WHAT IS BEING ASKED: Gather every line of the entries that includes the word "Yellow".

TASK INPUTS:
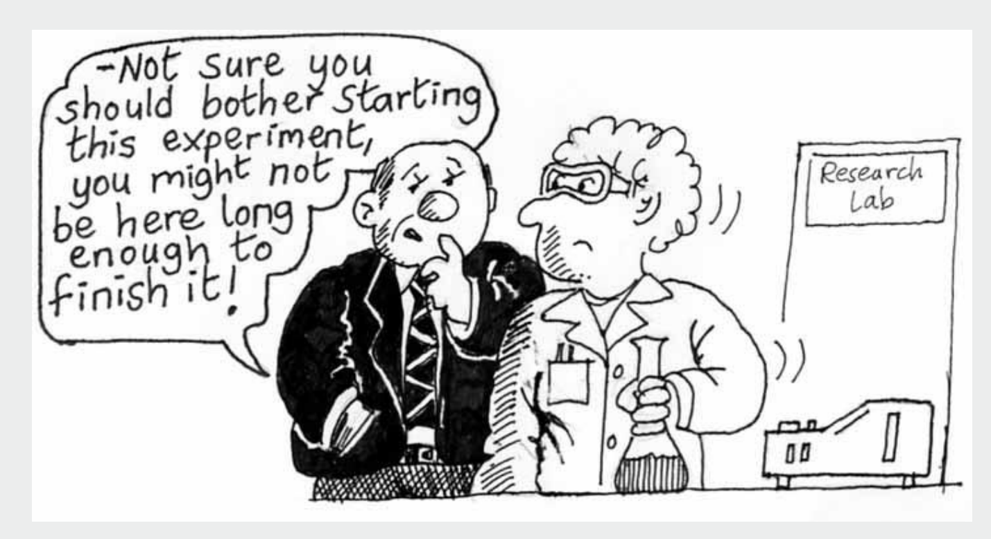
Figure 1 Cartoon from Union campaign

This reconfiguration of the relationship between science, government, and industry affects scientific labour markets and plays out differently for different scientists. Success as a scientist is never exhaustively determined by scientific criteria (Collins, 1985, Jasonoff, 2004). Workers are needed to provide the flexible workforce of 'mode 2' science and post-doctoral researchers often become 'trapped' (Lam, 2007, Smith-Doerr, 2006) as they are unable to acquire the necessary scientific capital of first authored papers and external research monies, creating "a burgeoning 'under-class' of contract workers" (Scott, 2007: 208). These processes add further complexity to pre-existing patterns of labour market segmentation.
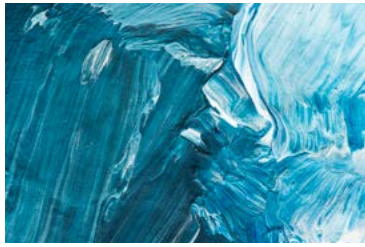
Biennial Exhibition 11/9 – 3/2 Opening Reception 11/9, 5-7pm
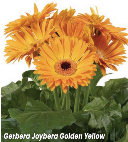
Gerbera Joybera Golden Yellow

Mix Bicolor Orange Yellow Bicolor Red White Dark Eye Deep Orange Dark Eye Red Dark Eye Watermelon Dark Eye White Dark Eye Yellow Light Eye Cherry Light Eye Deep Rose Light Eye Red Light Eye Yellow
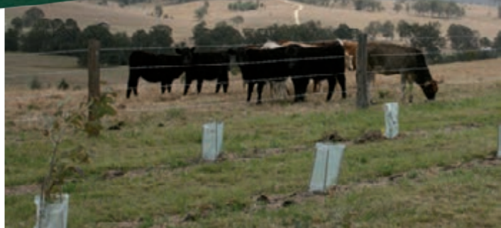
A fenced revegetation site at Mount Barney.
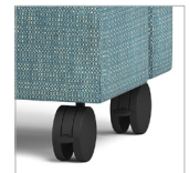
Heavy Duty Casters (not available on seating with tablet arm)
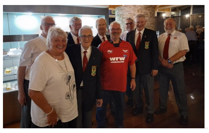
Singing in the pub at Kirks with Welsh visitors.

It's been a great year! Merry Christmas!
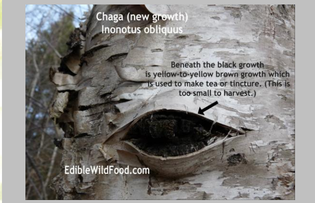
New chaga growth

Chaga has been named the “Gift from God” by the Siberians as well as the “Mushroom of Immortality.” The Japanese call it “The Diamond of the Forest,” while the Chinese deem it “King of Plants.” One of the reasons for this is because chaga contains the enzyme, superoxide dismutase. This enzyme is powerful because its function is to halt oxidation.
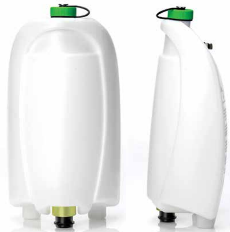
solution tank green ● general food&bar use
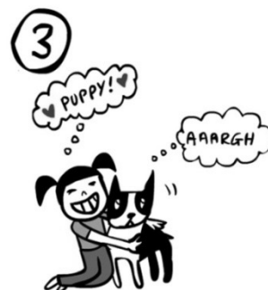
3 DON'T Grab or Hug him
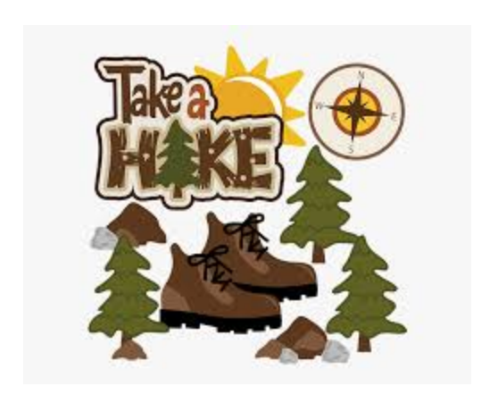
First Hike of the Spring season.

Wednesday May 8, 9:00 am Shaupaneak Ridge, 143 Popletown Road Esopus, NY.
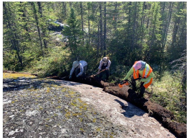
Figures 3 & 4 - Field team members examining new pegmatite outcrop at Adina
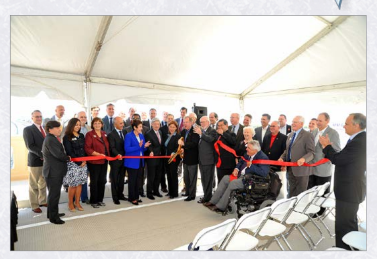
Pictured above: Grand Opening celebration on October 4, 2014

The North Tarrant Express (NTE) rebuild some of northeast Tarrant County's most congested highways. Construction started in late 2010 and completed in October 2014 — nine months ahead of schedule. The project was designed and built concurrently by NTE Mobility Partners (NTEMP) and Bluebonnet Contractors (BBC), shaving several years from the project schedule. Completed, the project provides eight to 10 lanes on Interstate 820 (I-820) and State Highways (SH) 121 and 183. The project improves mobility by almost doubling the existing road capacity with a combination of general highway lanes and continuous frontage roads, along with managed toll (TEXpress) lanes that use dynamic pricing to keep traffic moving at 50 mph. As the first comprehensive development agreement (CDA) project signed in North Texas, the NTE has leveraged a $573 million TxDOT investment into a $2.5 billion infrastructure redevelopment project that reaches from north Fort Worth to near DFW Airport.
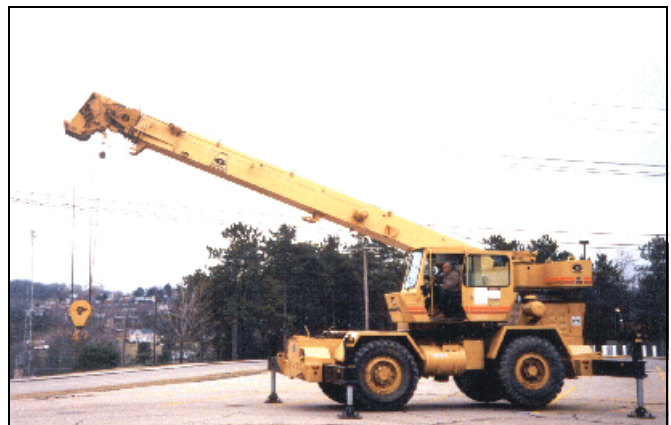
Fig. 3. 20 tonne (22 short ton) rough terrain crane used in experiments.
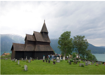
UNESCO Urnes stave church.

RIB boat tours Distance: 0,7 km Experience the magnificent Lustrafjord, surrounded by steep mountains and waterfalls. The tours take you on an unforgettable guided expedition in a secure and rigid inflatable boat (RIB).
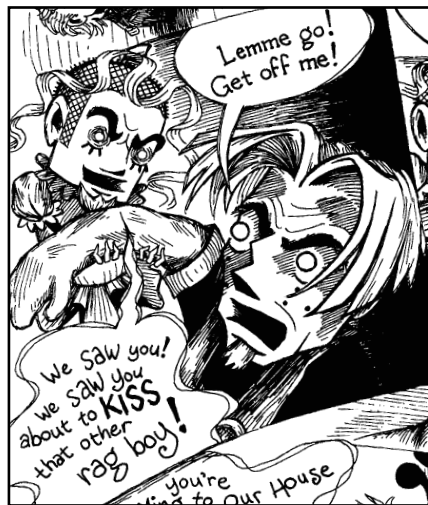
From Stitch ©Tommy Kovac
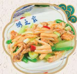
X.O. 蜜豆桂花蚌 $38.95

Sautéed Sea Clam & Sweet Pea Pod with X.O. Sauce
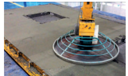
The new plant near Bangkok is equipped with six power trowels and 24 smoothing stations places for the fine smoothing of the element surfaces. Thanks to fully automatic operation, the cycle times are reduced to a minimum and personnel savings are achieved.
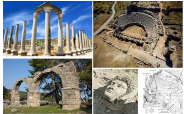
Figure 3. Some downloaded images via web-scraping for three sites (extracted by web-scraping).

Rekognition to derive the items in the web-scraped images. The following figure shows one example from the result given by the service (Figure 1).
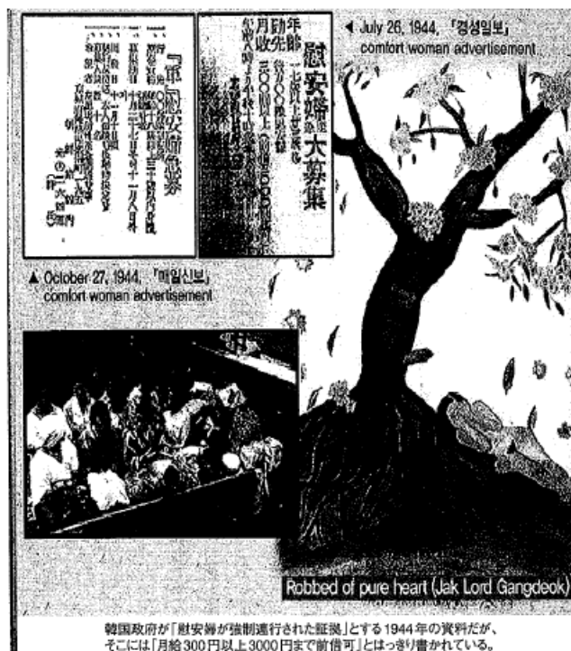
Fig. 1: Source material released by the Korean government in an attempt to demonstrate that Korean women were coerced into serving as comfort women; strangely enough, it includes newspaper advertisements for comfort women (see Fig. 2)

Prior to World War II, Japan never attempted to conceal or control information about the existence of military prostitutes. In fact, recruitment notices appeared in newspapers (see Fig. 2). Private brokers made strenuous efforts to recruit them, for obvious reasons. At that time prostitution was legal in Japan, just as it was in most of the world’s nations. It was therefore not at all unusual to establish brothels in battle zones. That is why Korea’s leading newspapers carried advertisements intended to attract women to work in those brothels. It is also common knowledge that a large number of Korean women worked in war zones as military prostitutes.
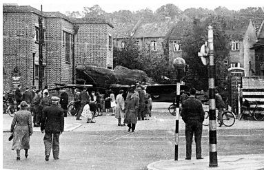
Spitfire fundraising by Coulsdon Library

Coulsdon Library , heart of the community since 1936. Photo shows WWII Spitfire fundraising nearby. Continue to Station Approach. Opposite stood Coppard's Temperance Hotel (1891-1934) at corner of Lion Green, former site of cricket matches and prize fights.
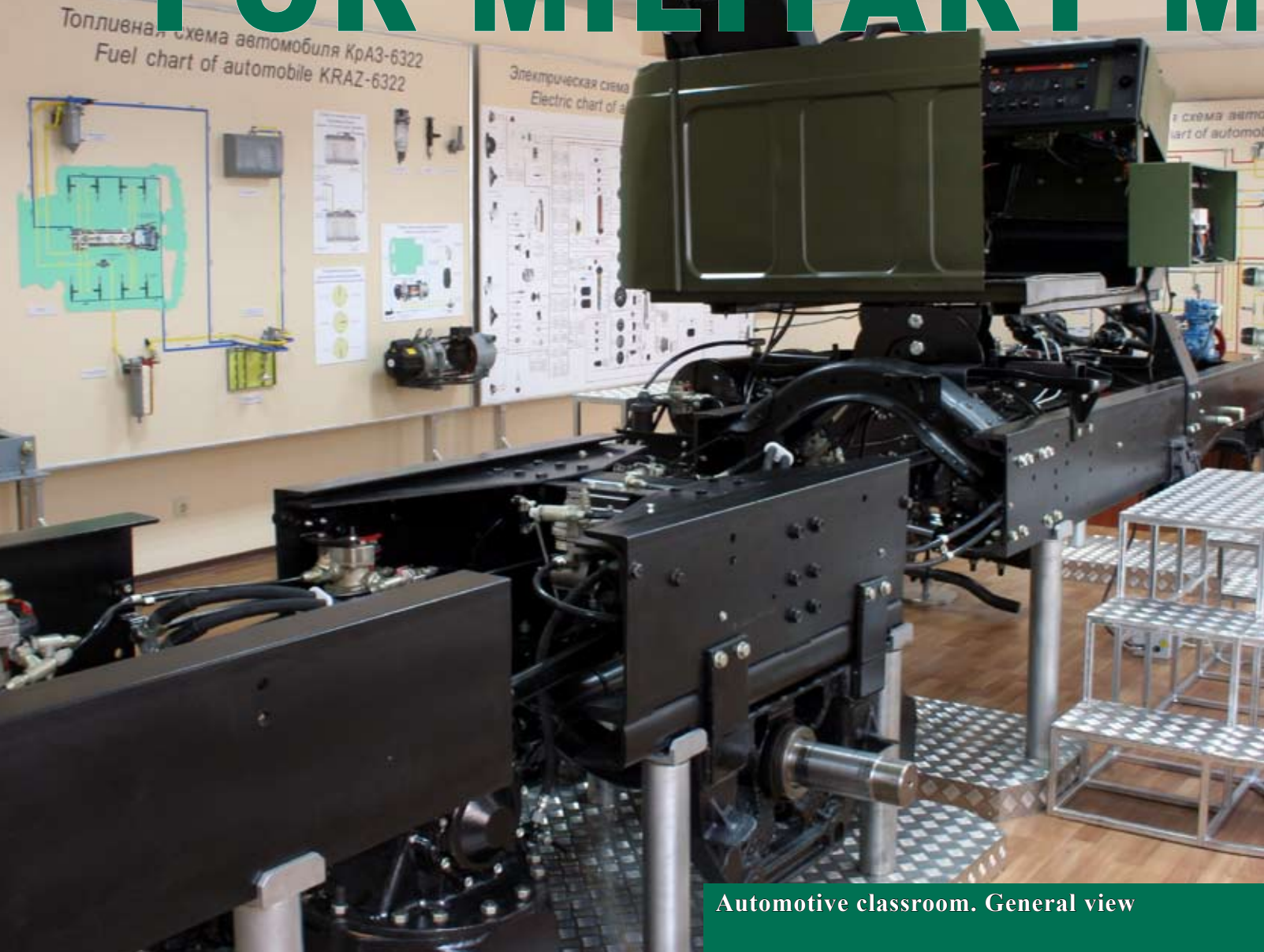
Automotive classroom. General view

One more classroom has been added to “AvtoKRAZ”’s training centre opened in 2008.
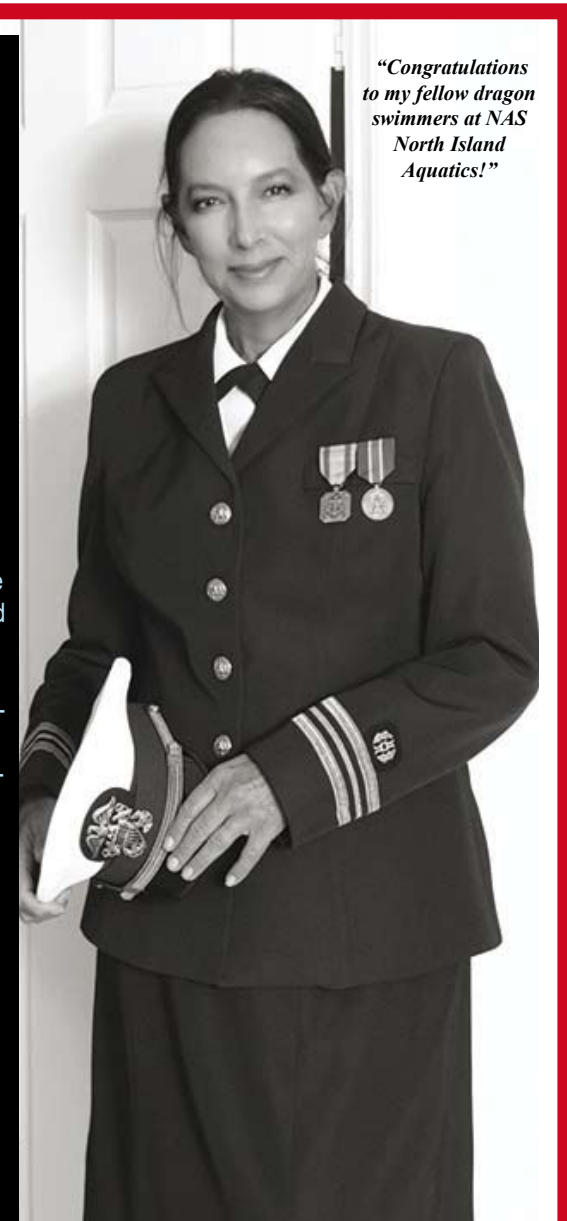
"Congratulations to my fellow dragon swimmers at NAS North Island Aquatics!"
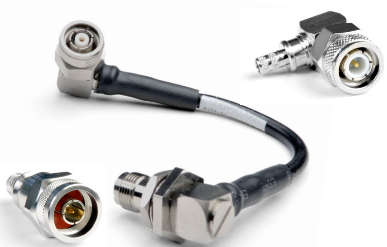
Photos shown: Left: Type N Straight Plug (Male), Center: TNC Right Angle Bulkhead Jack (Female) to RP-TNC Right Angle Plug (Male), Right: TNC Right Angle Jack (Female) on cable assembly

WRITTEN ANSWER:
Gerbera Joybera Golden Yellow
Mix Bicolor Orange Yellow Bicolor Red White Dark Eye Deep Orange Dark Eye Red Dark Eye Watermelon Dark Eye White Dark Eye Yellow Light Eye Cherry Light Eye Deep Rose Light Eye Red Light Eye Yellow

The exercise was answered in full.